ネットワークオーディオ再生の音質を高めるためには、周辺機器にもオーディオ機器と同様の音質追求が必須と考えたDELAは、ミュージックライブラリーの開発で積み重ねたノウハウを投入して、2019年にオーディオグレードのスイッチングハブ「S100」を発売。現行モデルはそのマーク2機であり、オリジナル機からは電源部のリファイン、4個であった1000Mbpsポートを6個に増やすなどの変更が行なわれている。光ファイバー等に対応したSFPポートを2個搭載しているのも音質追求に余念がないDELAならではと言えよう。

 

 

音楽の表現に深みが増し、S/N感がいっそう高まった「N1」

 現在DELAの最高峰ミュージックライブラリーはN1-S38J(N1)だ。

 2022年に登場し、その年のステレオサウンドグランプリを受賞、ベストバイコンポーネントでは、2022年度と23年度とで2年連続して1位に輝いているN1がわたしのオーディオ部屋に持ち込まれた時、わたしにとって2台目のDELAであるN10を使用していた。N10はDELA製品として初めてリニア電源を搭載していた。ファームウエアが2019年秋に4.0へ一変するなど、高音質を追求してDELAの製品群は確実に進化していたのだ。

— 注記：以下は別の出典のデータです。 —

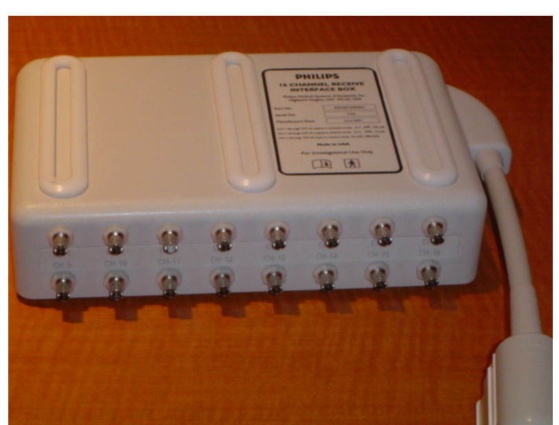
Figure 1. 7T Achieva 16 Channel Interface box.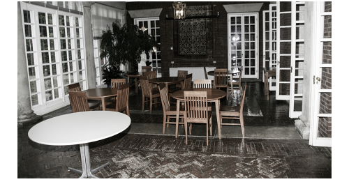
Fig. 9. Papa Del's Pizza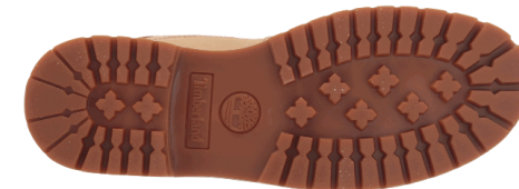
BOTT = 2 shot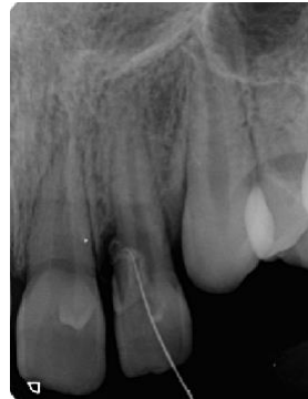
Figure 4. The length determination radiography of invaginated root canal.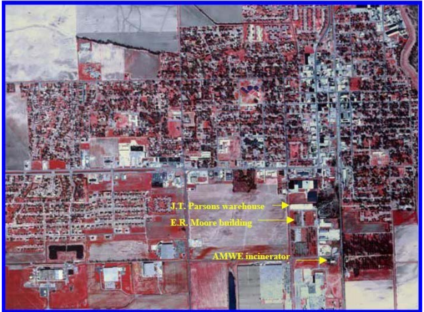
Aerial Photo: AMWE Facilities - Osceola, Arkansas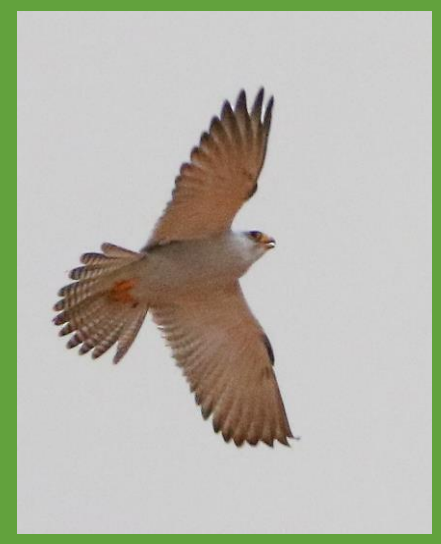
Grey Falcon (,)

 2020年1月からそれまでのHA-N1AH40-BKと取って代わって使い始めたN10だったが、最新のN1との比較では敵わなかった。音楽の表現に深みが増して、上質な聴き心地となったのだった。S/N感がいっそう高まって音場空間の見晴らしのよさが増したのだ。その背景にはN1が、電源部に物量投入をし、シャーシの作りを堅牢にして、クロックをウルトラ低ジッター化し、大容量SSD(3.8TB)をカスタム化、使用部品はコネクターまで吟味する、などなど、しっかりと進化のメスが入れられていた。加えて、電源に余裕を持たせ、内蔵プロセッサーに負担がかかる、複数のストレージへの分散記録(Raid)を止めてストレージを1台に限るなど、ミュージックライブラリーを仕上げる経験を積み重ねていたのだった。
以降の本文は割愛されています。